Goste-se ou não, acabe ou não dando frutos, no final, Lula é um pragmático que conhece como poucos e desde dentro as misérias e fraquezas de uma classe política que foi companheira sua no poder. Quando o então presidente do Uruguai, José Mujica, quis saber de Lula a origem do escândalo do Mensalão, que na época levou a cúpula do PT para a cadeia por ter comprado o Congresso, Lula lhe respondeu sibilinamente: “É que no Brasil só há um modo de poder governar”. Considerava isso uma fatalidade à qual ele então se havia submetido.

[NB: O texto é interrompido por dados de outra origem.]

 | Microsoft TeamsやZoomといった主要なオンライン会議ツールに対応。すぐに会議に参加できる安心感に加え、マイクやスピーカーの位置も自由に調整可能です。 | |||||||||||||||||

Bem sabe Lula e sabe o Congresso, mercadoria exposta ao melhor comprador. E hoje, mais que nunca, envolvidos nas redes de corrupção e com medo de cair em mãos dos juízes, deputados e senadores corruptos se unem em um mesmo abraço de afogados. Lula e os demais, a direita e a esquerda, sabem que, como nas máfias, amigo é para sempre. Porque, afinal, não há outro caminho. Da máfia não se sai ileso. Hoje o Governo Temer e o Congresso, naufragados em um mesmo mar de problemas com a Justiça, e Lula, acossado com eles, buscam um pacto de sangue que salve a todos.

Lula tem uma vantagem sobre os demais políticos acusados de corrupção. Não precisa buscar provas materiais para se defender das acusações dos juízes. Em sua estratégia, mais que lutar para apresentar documentos que provem sua inocência, se proclamou um “perseguido político” A única coisa que lhe interessa é aparecer discriminado por defender os pobres. Gritou isso até para a ONU. Nenhum de seus colegas acusado de corrupção se atreveu a tanto.

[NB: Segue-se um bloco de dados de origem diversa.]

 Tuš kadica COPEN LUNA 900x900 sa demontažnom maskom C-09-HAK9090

Fora ou dentro da prisão, presidente ou não, é bem possível que Lula siga, enquanto viver, amarrado a sua estratégia. Sem contar o medo que tantos políticos, incluindo os ainda não denunciados, começam a ter de uma possível delação premiada de Lula, que poderia fazer a República tremer. Não haverá. Não lhe interessa, já que, ao contrário de seus colegas, Lula na prisão continuaria sentindo-se uma vítima. Continuaria fazendo política e, se o instigam, até fundaria um novo partido com os presos. É o que dizem os que o conhecem melhor.

Lula é assim, goste-se ou não. Nunca se dará por vencido nem jogará a toalha. O final só o destino dirá.